The invention discloses an image-based ground pressure alarm method for coal mining face. The alarm method installs a camera near the relevant area of the coal mining face to analyze the change of video image data and the working condition of equipment in real time, and finds abnormalities in the monitoring area. If the combination of abnormal information meets the alarm conditions, a rock burst alarm signal will be issued. This alarm method fully considers the various characteristics of rock burst in the coal mining face, is simple to implement, can accurately determine the rock burst in the coal mining face, effectively improves the rescue efficiency, and is conducive to the management personnel to take corresponding measures in time , to avoid serious accidents such as gas explosions caused by roadway blockage and gas accumulation, and to avoid or reduce casualties.

Description

Alarm method of rock burst in coal mining face based on image

technical field

The invention relates to an image-based rockburst alarm method for a coal mining face, and the method relates to the fields of image processing, communication and the like.

Background technique

Coal is the main energy in my country, accounting for about 70% of the primary energy. The coal industry is a high-risk industry, and accidents such as gas, flood, fire, roof, and coal dust have plagued coal mine safety production. Most of the major accidents in my country's coal mines are severe gas accidents, and the number of casualties caused by gas accidents is also the largest proportion of all coal mine accidents. Therefore, the prevention and control of gas accidents is very important.

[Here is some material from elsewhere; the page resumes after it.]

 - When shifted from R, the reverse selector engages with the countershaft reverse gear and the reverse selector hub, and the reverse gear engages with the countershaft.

Gas accidents include gas explosion, rock burst, gas suffocation, gas burning and other accidents. In order to avoid or reduce the occurrence of rock burst accidents, a variety of coal or rock and gas outburst prevention and control methods have been proposed, which play an important role in the safety production of coal mines. However, the existing real-time monitoring and forecasting methods of rock burst (including microseismic, acoustic emission, electromagnetic radiation, infrared radiation, etc.) have a high rate of false alarms and false negatives, which is difficult to meet the needs of coal mine safety production.

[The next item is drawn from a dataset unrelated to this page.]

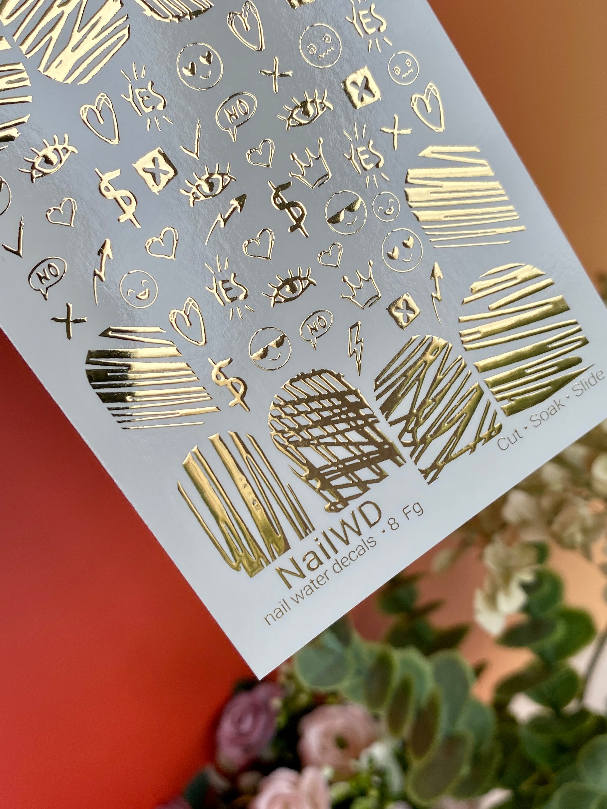 Adesivi per unghie trendy Water Slide con grafiche astratte dorate — strisce, cuori, occhi, corone, frecce e simboli giocosi come YES/NO e faccine sorridenti. Questi adesivi per unghie ad acqua si attivano con l'acqua — immergi per applicare, e ogni design scivola via facilmente per un trasferimento pulito.

The coal mining working face in the coal mine is prone to rock burst. When the rock burst occurs, it is easy to cause the staff near the working face to be buried or trapped; in addition, the rock burst will cause blockage of the roadway near the working face, causing Poor ventilation in the roadway causes gas to accumulate, which can easily lead to gas explosions. If the rockburst in this area can be quickly and accurately judged at the first time, rescue can be organized as soon as possible to gain valuable rescue time, avoid or reduce casualties caused by landfill or trapping; and organize personnel to deal with blocked roadways in time Measures to effectively avoid accidents such as gas explosions caused by gas accumulation, and to avoid or reduce casualties caused by gas suffocation and gas explosions.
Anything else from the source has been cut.